ポポはひとつぶをもって

水上透明

ポポはひとつぶをもって

あるところにポポがいました。

そこはささやく声が絶え間ないねこじゃらし畑。

ポポは、その心地良いにぎやかさの中にぽつんとひとり。

ねこじゃらし達が風になでられてじゃれ合っているのを、自分も風に揺られながら眺めていました。

―ポポは想いました。

真白になびく光の丘を。

水晶が冷たい泉の底で、自分の体を透かして辺りに陰影を躍らせているのを。

それから・・・

ふとポポにぴしょんと何かが当たりました。

ポポは、空へと目を向けます。

鮮やかに輝く青空の、爽やかな晴れ模様。

その中で、ぱち、ぱち、しゅっ、とソーダ水がはじけていました。

はじけた泡は水滴となって、ぽた、ぽた、と、ねこじゃらし達の元へ転がりこぼれ、転がりはずみ、また空へと戻ってゆきます。

また、ポポの頭にぴしょん。

水滴がポポを踏み台に飛び上がります。

ぴしょん。

ポポは目を空へ向けたまま、

―ポポは想いました。

焦がされたサボテンの陶酔。

ゆくえに迷い込んだ7本の指。

影に差し込む光の柱が芯をつかんで離さないこと。

あるいは深紅の砂地・・・争う階段へ。

ポポはふと想いが戻って、視界がうつつに戻り、視界にはかすんだ7色の道が映りました。

きょうは照らす光が透明なので虹が出ているのです。

ぴしょん。

ポポのおでこから飛び上がろうとしたひとつぶ。

ポポは手にとりました。

ポポはその手を大切にしながら歩きはじめました。

てくてく、てくてく、歩いてゆきました。

とおく、とおくへと、歩いてゆきました。

ふと歩くのをやめると、そこは見事に咲くいきものたちのたたずむ場所でした。

ポポは手のひらの水滴を少しはじいて、そのうちのひとりの花の口へと入れました。

すると、その花から隣また隣、いっせいに体を広げるだけ広げて、力いっぱいの伸びをしました。

とっても、気持ちの良さそうな伸び。

それを見届けると、ポポも体を広げるだけ広げて、今度は空を飛びはじめました。

ひゅう、ひゅうう、と飛んでゆきました。

とおく、とおくへと、飛んでゆきました。

途中、ひらり、地上へと降り立ちました。

そこは広い広おい、砂漠の地です。

そこでポポは、水滴を持っている手のひらから、もう片方の手のひらへと水をわけました。
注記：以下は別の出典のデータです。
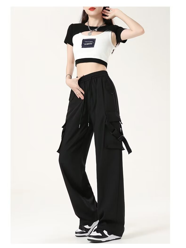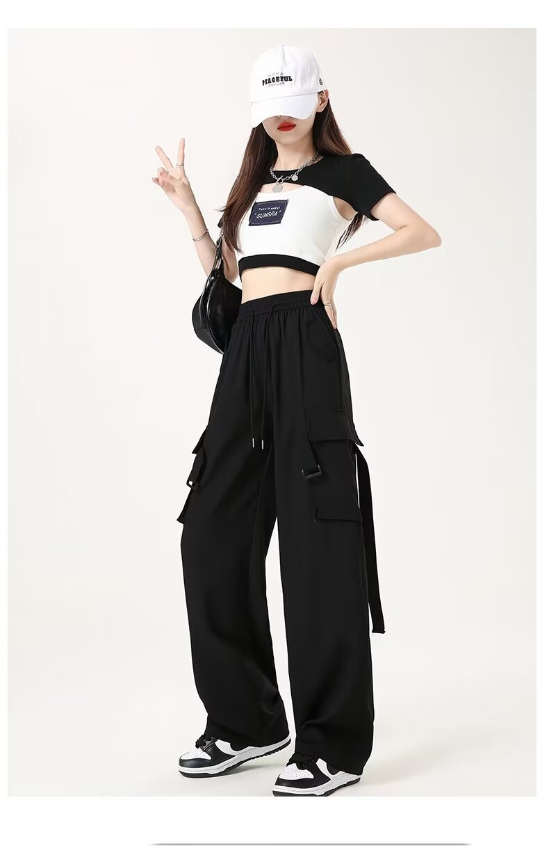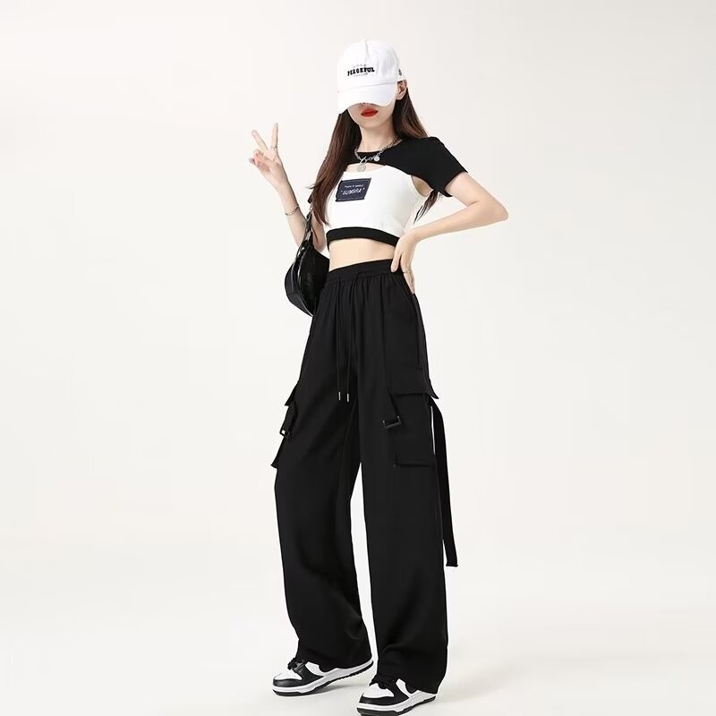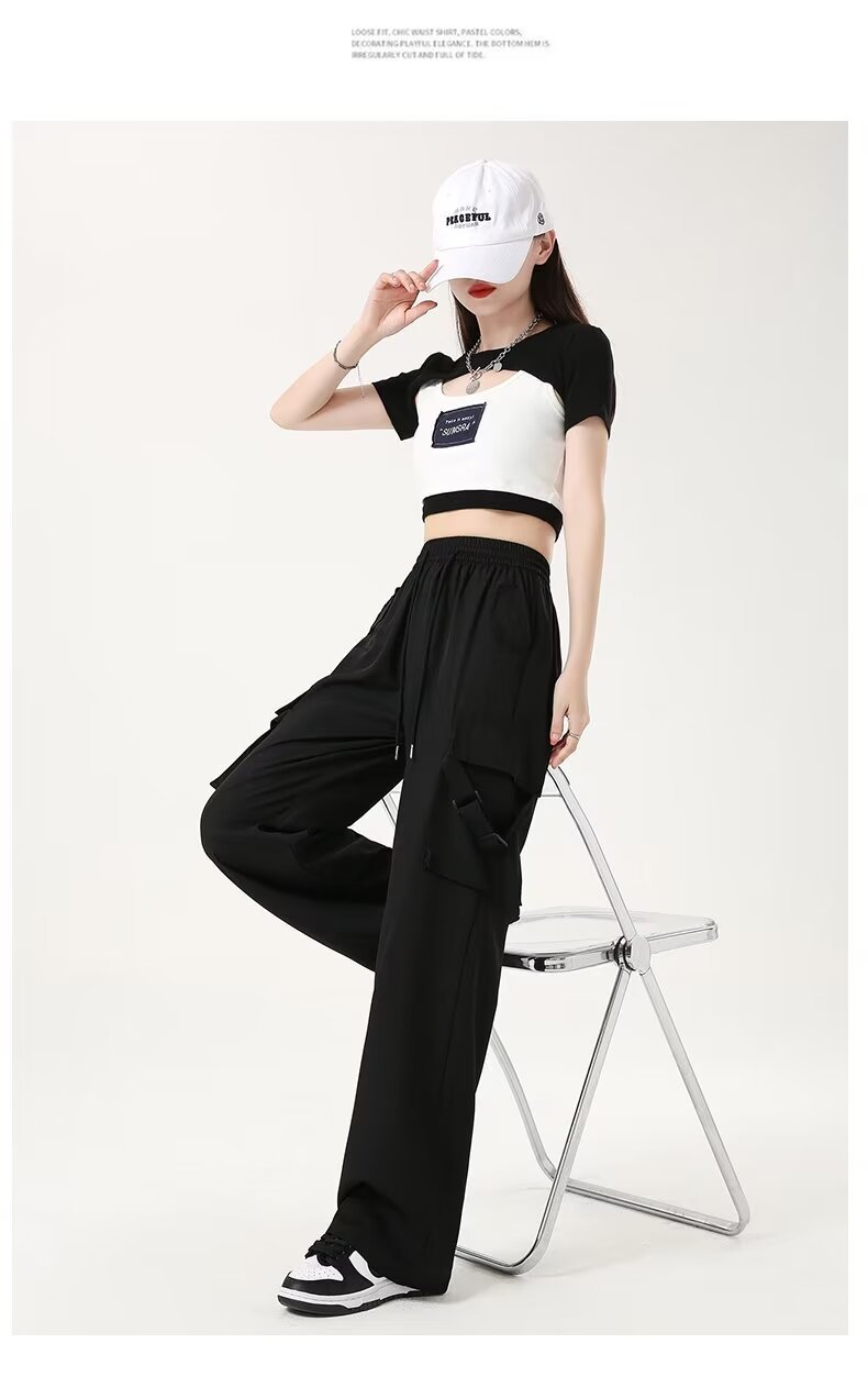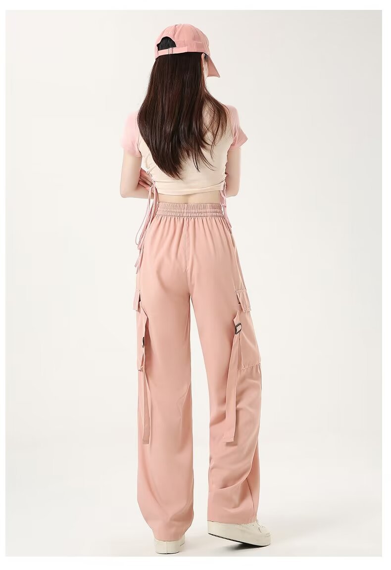2024 여성용 작업복 바지 얇은 스포츠 바지 여성용 스트레이트 등산 캐주얼 와이드 팬츠 기능성 스타일 약간의 신축성
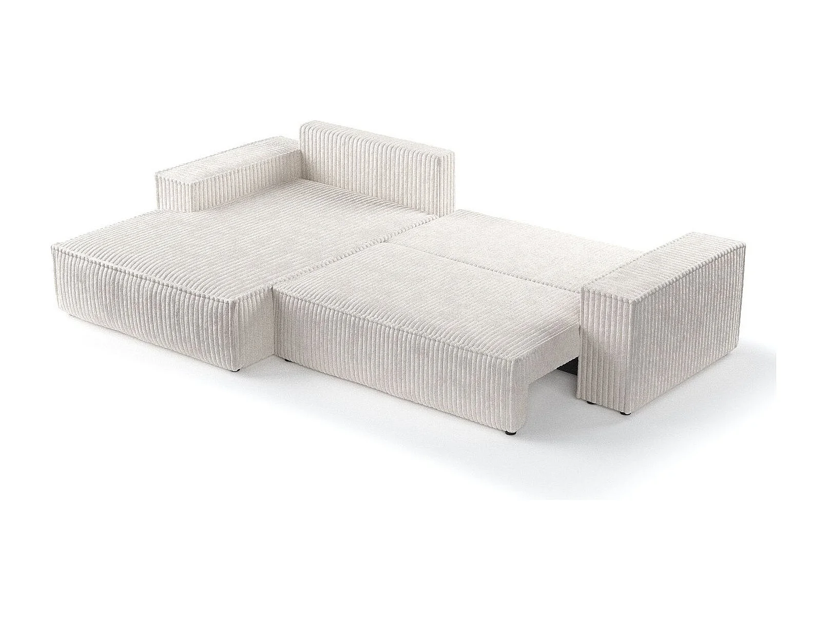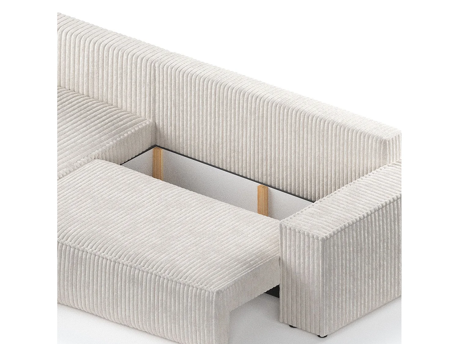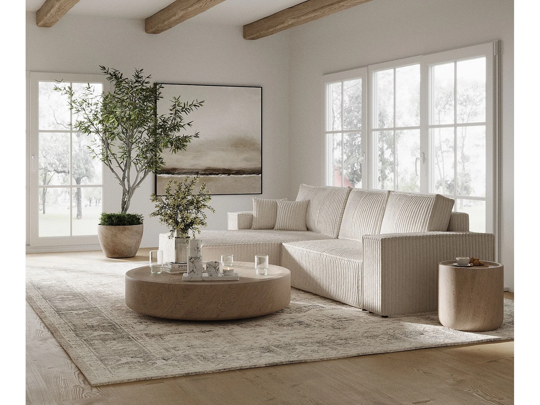 Canapé d'angle gauche 5 places en tissu en peluche creme MAZE

そうしてわけ受けたほうの手のひらを、砂漠の地の上で、ひらり、と、ひるがえしました。

すると、砂漠の地のほうは、水滴をあっ、と言う間に吸ってしまうと、そこはオアシスになり、いっときの間、文明が起きては消えてゆきました。

足の温かくなったポポは、今度は逆立ちをしてゆき始めます。

空の空まで歩いてゆきました。

高く、高くまで、歩いてゆけました。

やがて見えてきたふんわりとした雲の元まで進んでゆきたくなって、逆立ちをやめると、すいー、すい、と、雲の方向へ泳いでゆきました。
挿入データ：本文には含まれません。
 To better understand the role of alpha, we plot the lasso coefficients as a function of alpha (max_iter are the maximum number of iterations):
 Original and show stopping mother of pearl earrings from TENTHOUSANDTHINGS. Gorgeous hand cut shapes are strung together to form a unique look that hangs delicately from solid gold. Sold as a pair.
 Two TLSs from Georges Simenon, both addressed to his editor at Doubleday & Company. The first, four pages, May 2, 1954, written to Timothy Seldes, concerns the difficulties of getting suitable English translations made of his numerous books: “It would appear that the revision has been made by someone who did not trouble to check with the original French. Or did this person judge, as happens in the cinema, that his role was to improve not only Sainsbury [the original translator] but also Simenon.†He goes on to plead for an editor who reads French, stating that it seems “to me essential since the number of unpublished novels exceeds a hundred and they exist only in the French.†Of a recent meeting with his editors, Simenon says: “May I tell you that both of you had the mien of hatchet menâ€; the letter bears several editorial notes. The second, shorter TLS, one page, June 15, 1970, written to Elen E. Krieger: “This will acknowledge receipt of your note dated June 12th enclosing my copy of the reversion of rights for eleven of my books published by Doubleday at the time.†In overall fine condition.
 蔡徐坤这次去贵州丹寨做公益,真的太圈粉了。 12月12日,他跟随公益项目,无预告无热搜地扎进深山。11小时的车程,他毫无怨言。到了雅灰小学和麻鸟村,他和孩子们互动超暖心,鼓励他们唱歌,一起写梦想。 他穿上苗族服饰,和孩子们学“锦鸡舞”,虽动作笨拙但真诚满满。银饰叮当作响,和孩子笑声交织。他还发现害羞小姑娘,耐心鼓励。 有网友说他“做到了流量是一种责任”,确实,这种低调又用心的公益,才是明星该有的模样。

ふんわりとした雲の元までやってくると、ポポは持っている水滴をちょっぴりつまみ取って、ふんわりとした雲の中へと入れました。

すると、雲はどんどん大きくふくらんでいって、やがてその地一帯に、ざわ、ざあ、ざあ、と、気まぐれ調子の雨をふらせました。

ふるごとに段々と雲は小さく小さくなっていって、ポポは、靴ほどになった雲を履くと、ふんわり、ふわ、ふわ、地上へとおりてゆきました。
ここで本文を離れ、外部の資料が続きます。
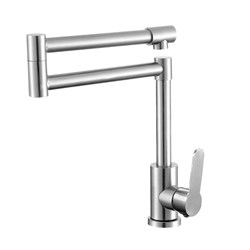 см-ль для кух. мойки, технология производства токарная обработка, материал корпуса нерж. cталь SUS 304 (пищевая), с пов. двойным круглым изливом 360°, картридж ø35, , без покрытия, крепление гайка-втулка. Длина подводки 55см. 10шт/уп.
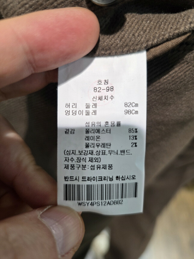 겉감 : 폴리에스터 85% , 레이온 13% , 폴리우레탄 2%
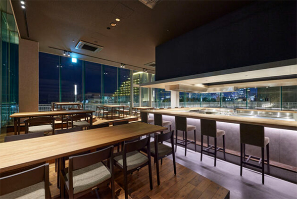 「sincro」は、ウォーターフロントの夜景を大きな窓一面に望む特別な空間が広がるレストランだ。
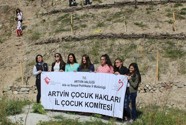 Artvin Çocuk Hakları İl Komitesindeki çocuklar “Milli Egemenlik Haftası’nda” fidan diktiler. Geleceğin büyük ağaçlarını minik elleriyle diken çocukların mutlulukları görülmeye değer oldu.
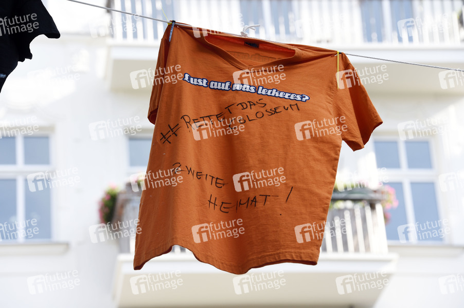 Protestaktion der Mitarbeiter gegen die geplante Schließung des Kinos Colosseum. Mit Aktionen wie dieser wollen die Mitarbeiter und Anwohner die Schließung verhindern. Ihrer Meinung nach wurde das Kino gezielt in den Ruin geführt. Die Betreiberfirma des Kinos hatte am 20. Mai Insolvenz angemeldet, begründet wurde das mit den Folgen der Coronakrise: Kinoverbot, ausbleibende Gäste, keine Einnahmen. Nun zeigt sich, dass wirtschaftliche Gründe infolge der ausbleibenden Einnahmen während der Corona-Krise nicht oder nur teilweise für die Schließung des geschichtsträchtigen Hauses verantwortlich sind. Finanzielle Corona-Unternehmenshilfen wurden nicht beantragt. Vielmehr haben sich Geschäftsführer Sammy Brauner und die Erbengemeinschaft des Nachlasses seines in 2019 verstorbenen Vaters Artur Brauner dazu entschlossen, das denkmalgeschützte Haus künftig nicht mehr als Kino fortzuführen. Vieles deutet darauf hin, dass Geschäftsführer Sammy Brauner und die Erbengemeinschaft Brauner andere, lukrativere Pläne für die Immobilie an dieser zentralen Stelle im Stadtteil Prenzlauer Berg verfolgen. Laut www.gleimviertel.de sei bereits im September 2019 ein Bauvorbescheid für das Grundstück Schönhauser Allee 123 beantragt worden. Inhalt des Bauvorhabens: Neubau und Überbauung des Grundstücks 'Colosseum' mit Büronutzung im Umfang von 15.960 m2 Gewerbefläche. Dieser Antrag sei positiv beschieden worden. Berlin, 21.06.2020
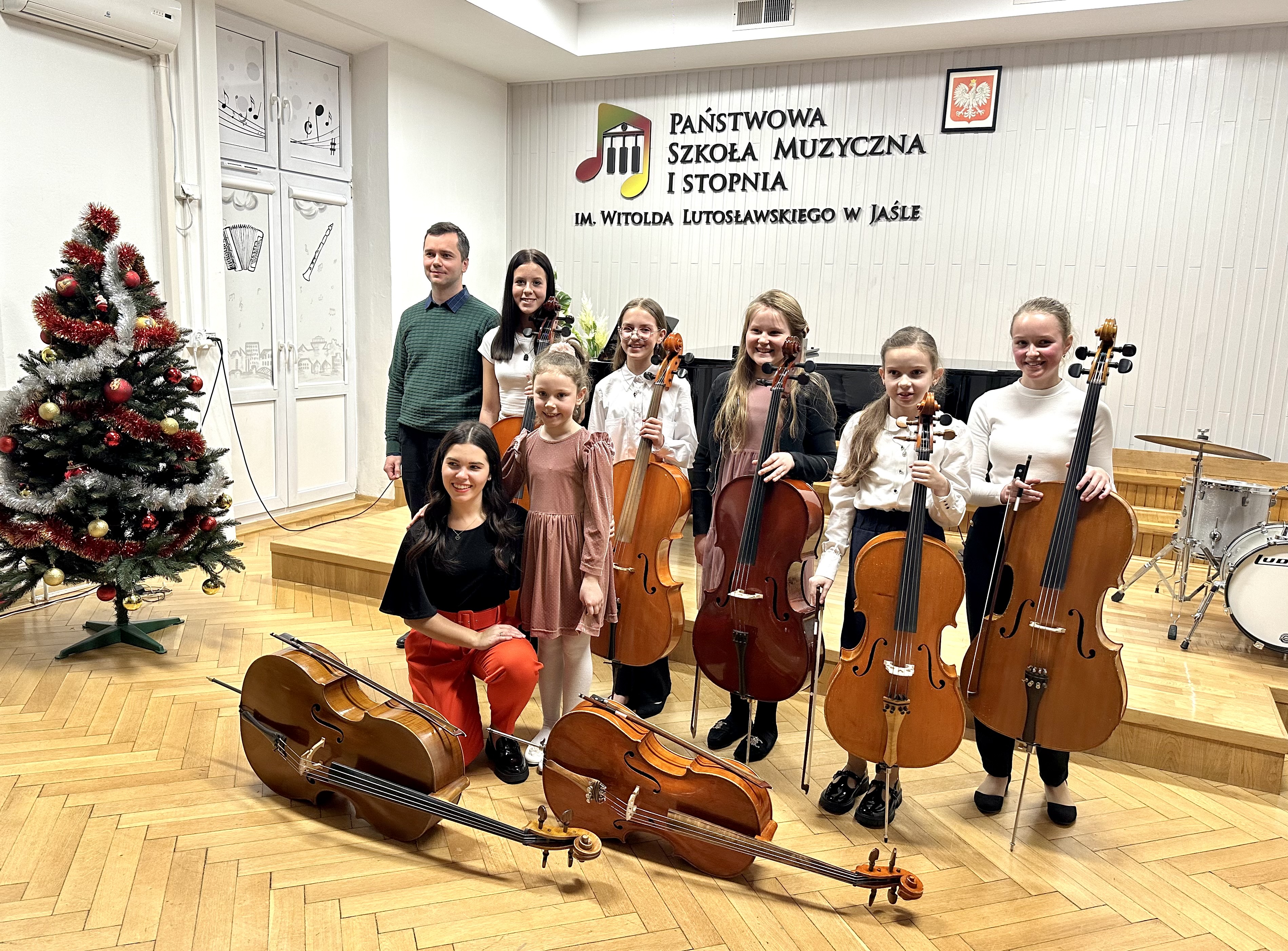 W dniu 12.12.2023 o godzinie 18:00 odbył się koncert wiolonczelistek z klasy Klaudii Borowiec-Wyrazik. Każda z uczennic zaprezentowała jeden utwór w duecie z pianistą mgr Pawłem Skowrońskim lub z akompaniamentem drugiej wiolonczeli, razem ze swoją nauczycielką. Niespodzianką był duet wiolonczelowy - Ava Marczyńska oraz Marlena Szot, które na zakończenie owego wieczoru wykonały kolędę „Dzisiaj w Betlejem”. Serdecznie dziękujemy Dyrekcji oraz Publiczności za obecność i wsparcie podczas tego ważnego dla całej klasy wydarzenia oraz z wielką radością zapraszamy na kolejne popisy, również innych klas.
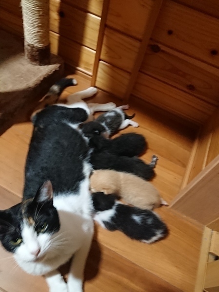 | 里親募集する理由 | うちの近くで野良猫が子供を生んでいたため保護しました。うちではかえないため募集してぃす。子猫は里親がみつかりましたがははねこの里親を募集しています。 | ||

最後は雲の靴が無くなりかけて、ぴょん、と、飛びはねておりたちました。

ふいに、おりたちたてのポポの肩に何かが触れました。

雨逃れのモンシロチョウです。

雲はもう無くて、ひと時の間、ポポとモンシロチョウはその場で、晴れ上がった暖かさを浴びながら、湿った体を乾かしました。

やがて体の乾いたモンシロチョウは、輝くりんぷんを灯して、きらきら、ひらひら、飛び始めました。

ポポはその明かりにひかれ、さわさわ若い草原から、ひそかな林道へと、モンシロチョウにゆらゆら夢見るようにひかれ、森の奥の、しん、と静かな泉にわけいってでました。

しばらくの間その静かな泉でじっとしていると、まるでポポまでその空間と一緒になったように、ポポの中全部がしん、という心地でみたされました。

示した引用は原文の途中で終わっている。